I took a Sawzall class for a week at Google along with my team, our manager had requested it because there was a lot of things that we wanted to do with logs in the long-term, which were quickest to do with Sawzall. The people who taught the class were awesome, but I can't help feeling that they were a bit apologetic for 1) knowing so much about the language, 2) having to teach us, and 3) not being able to change the language in any way. But maybe that's hindsight and altered memories based on the dinner and drinks we shared after the week of classes.
The opacity of the language lead to a shared conclusion of those in the class (some of whom were taking it as a refresher), that all of the unique Sawzall code at Google had already been written in the first few months of it's use, and everyone else had just been copying and pasting snippets from everyone else's scripts.
I can understand why Google released it, it's the start to a halfway decent map-reduce implementation, having a low-overhead startup, quick runtime, etc. (compared to Python, which had been an initial logs processor, but which was punted for logs-processing mapreduces thanks to it's relatively high startup costs compared to processing time). But with things like Hadoop (and it's support for arbitrary languages for operations), I can't help but feel like this is a little late to the open source game.
Also, back at Google, I had the start to a project to translate a subset of Python to Sawzall in order to allow for people to not have to suffer, and potentially to write better logs processing code. Left before even getting close to finishing it.

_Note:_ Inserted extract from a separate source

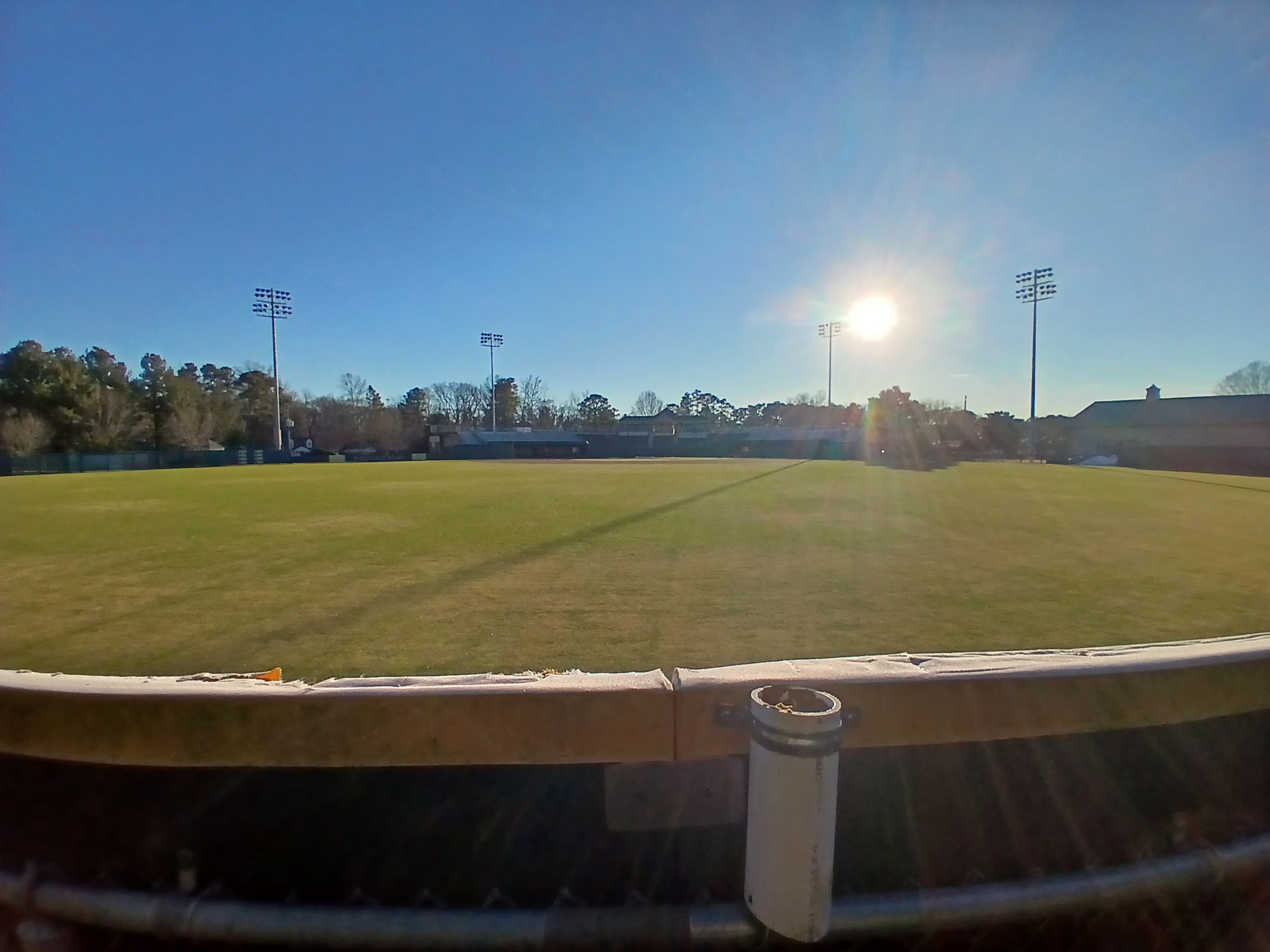 I parked in the lot behind the outfield fences, kept the car running, and headed over to Plumeri to see if I could catch some views of the field and stadium. With William & Mary students still on holiday break, I sort of predicted that the stadium would be locked up. And I was right. There were some views of the field from various angles and I managed to walk around the perimeter of the locked park to get some photos.
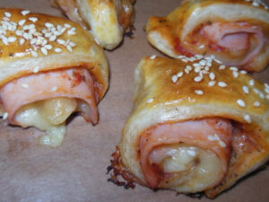 Приготвяне: Тестото се разточва на правоъгълен лист, който се разделя на еднакви правоъгълници. Две от страните им се намазват с разбито яйце, а в средата им се слага плънка и се завиват на рулца. Рулцата се нареждат на достатъчно разстояние едно от друго, защото ще бухнат при печенето, върху навлажнена тава и се пекат при умерена температура (180-200 С). Подходящо е да се поднесат със сирене, месен сос или горчица.

I'm wondering if this is the start of a set of open source lunching from google of its core tools. AFAIK, sawzall without mapreduce is like a car without the engine, but anyway I'm very pleased to read the code and start trying the language. Kudos to Google!
Google's implementation of MapReduce is so tightly bound to their internal infrastructure (GFS, BigTable, etc.) that opensourcing wouldn't do anybody much good.
Sawzall as a language is quite a bit uglier than the vast majority of general purpose languages. Couple this with the read/emit nature of the language, and it's either useful as a stream processing language, or as a step in a mapreduce chain.
Given how easy other languages are at processing streams, tagging output, etc., and that Sawzall doesn't really have an idea of shared state between "records" (aside from data emitted), it's hard to find things that Sawzall is good at other than mapreduce.
Or I could use any one of a dozen other languages that are more convenient to use, already available on my system, already works with S4, and with a syntax that doesn't make me want to cry :P
You might also want to take a look at Cascalog. It offers a much nicer API — just list the various predicates and it'll take care of the rest for you, e.g. to find all the guys following Emily:
Haha, I think it's a great excuse. But I just don't see the value in telling my version control software about the MIME type of every single file in my project.
R. Pike was involved in both projects, if that's what is meant by lineage. I am basing this on the author list in the sawzall paper, I am not working at google.
Before Google's Go, there was another language named Go. "Chrome" is the name of the UI outside of the content in Mozilla's browser, email client, etc. Google has a smaller-scale ad-hoc SQL-inspired language and system for log queries called Dremel (which is awesome to use, I miss the hell out of it).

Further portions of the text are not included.